Ipotesi di esclusione dell’ affidamento esclusivo dei figli

L’ affidamento esclusivo del figlio è stato negato:

  • A causa della relazione omosessuale di uno dei genitori, non incidendo sull’equilibrato sviluppo psico-fisico del minore, tanto meno sul rapporto genitore/figlio;
  • dell’adesione ad una confessione religiosa diversa da quella cattolica;
  • qualora genitore e figlio siano residenti in posti distanti, ben potendo tale situazione incidere solo sulla disciplina dei tempi e modalità di frequentazione, tanto più in un’epoca in cui le nuove tecnologie consentono modalità diverse anche di comunicazione;
  • se uno dei genitori svolga una attività lavorativa moralmente discutibile (ad es. prostituzione), in quanto siffatta attività può anche non incidere sull’affidabilità del genitore in vista della tutela dell’interesse esclusivo del genitore;
  • se un giovane genitori affidi con assiduità le cure del figlio in tenerissima età alla nonna, essendo circostanza normale anche in un contesto familiare non disgregato;
  • se uno dei genitori segua una cura (ad es. metadonica), a scopo esclusivamente preventivo o cautelativo, non costituendo tale cura motivo di per sé sufficiente a consentire l’ affidamento esclusivo del figlio;
  • in caso di alta conflittualità tra genitori, vista la possibilità anche di far ricorso, da parte del giudice, ad un coordinatore genitoriale, che con le proprie competenze aiuta i genitori a trovare soluzione ai loro conflitti al di fuori del processo;

Affidamento esclusivo del figlio e elevata conflittualità

Quindi l’alta conflittualità tra i genitori – come precisato da una condivisibile  recente decisione della Corte di Cassazione n. 27/2017 –  conseguente alle peculiarità caratteriali di ciascuno non costituisce motivo tale da derogare al regime ordinario dell’affidamento condiviso in favore dell’ affidamento esclusivo del figlio, a meno che non sia pregiudizievole per l’interesse del minore, alterando e ponendo in serio pericolo il suo sano equilibrio e sviluppo psico-fisico. Pertanto, ove ricorrano i presupposti per addivenire alla pronuncia di un affidamento esclusivo del figli, occorre che questa sia sorretta da una puntuale motivazione in ordine, non solo al pregiudizio potenzialmente arrecato al figlio da un affidamento condiviso, ma anche alla idoneità del genitore affidatario  e alla inidoneità educativa  o alla manifesta carenza dell’altro genitore.

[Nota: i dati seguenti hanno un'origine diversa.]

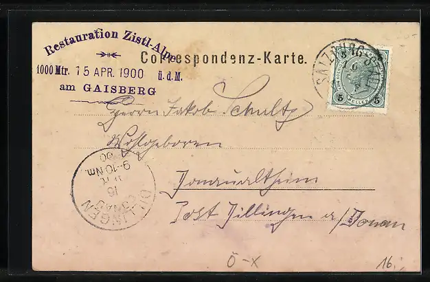 alte Ansichtskarte, gelaufen 1900, guter Zustand

Titolarità della responsabilità genitoriale

Anche laddove venga disposto l’ affidamento esclusivo del figlio, il genitore, privo dell’affidamento del minore, mantiene la titolarità della responsabilità genitoriale. Invero il genitore, al quale è affidato il figlio in via esclusiva, ha l’esercizio esclusivo della responsabilità genitoriale che deve esercitare secondo le condizioni determinate dal giudice. Mentre l’altro genitore, salvo che non  sia diversamente stabilito, partecipa alle decisioni di maggiore interesse per il figlio, che debbono essere sempre adottare da entrambi i genitori. Inoltre al genitore a cui non sono affidati i figli ha diritto ed il dovere di vigilare sulla loro istruzione ed eduzione, e può ricorrere al giudice, quando ritenga che siano state assunte decisioni pregiudizievoli al loro interesse. Quindi, il genitore non affidatario, ha pieno titolo di concordare con l’altro solo le decisioni di maggiore interesse per i figli e non altre, ed è privo del potere di rappresentanza. Lo stesso, fra l’altro, ha un dovere di vigilanza sulla crescita, e può assumere le determinazioni giudiziale del caso: ricorre al giudice   tutelare ex art. 337 c.c., ovvero presentare ricorso ex art. 709 ter c.c., ovvero ancora chiedere la modifica del regime di affidamento.

Domanda affidamento esclusivo del figlio infondata e condanna alle spese

Infine, va ricordato, che domande di affidamento esclusivo del figlio che si dimostrassero manifestamente infondate o strumentali, ben potrebbe orientare il giudice nell’assumere i provvedimenti relativi ai figli e nel pronunciare una condanna a carico della parte richiedente ex art. 96 c.p.c., al fine di sanzionare l’uso pretestuoso e disfunzionale del processo. Previsione questa che ha lo scopo precipuo di tutelare l’effettività delle relazioni parentali.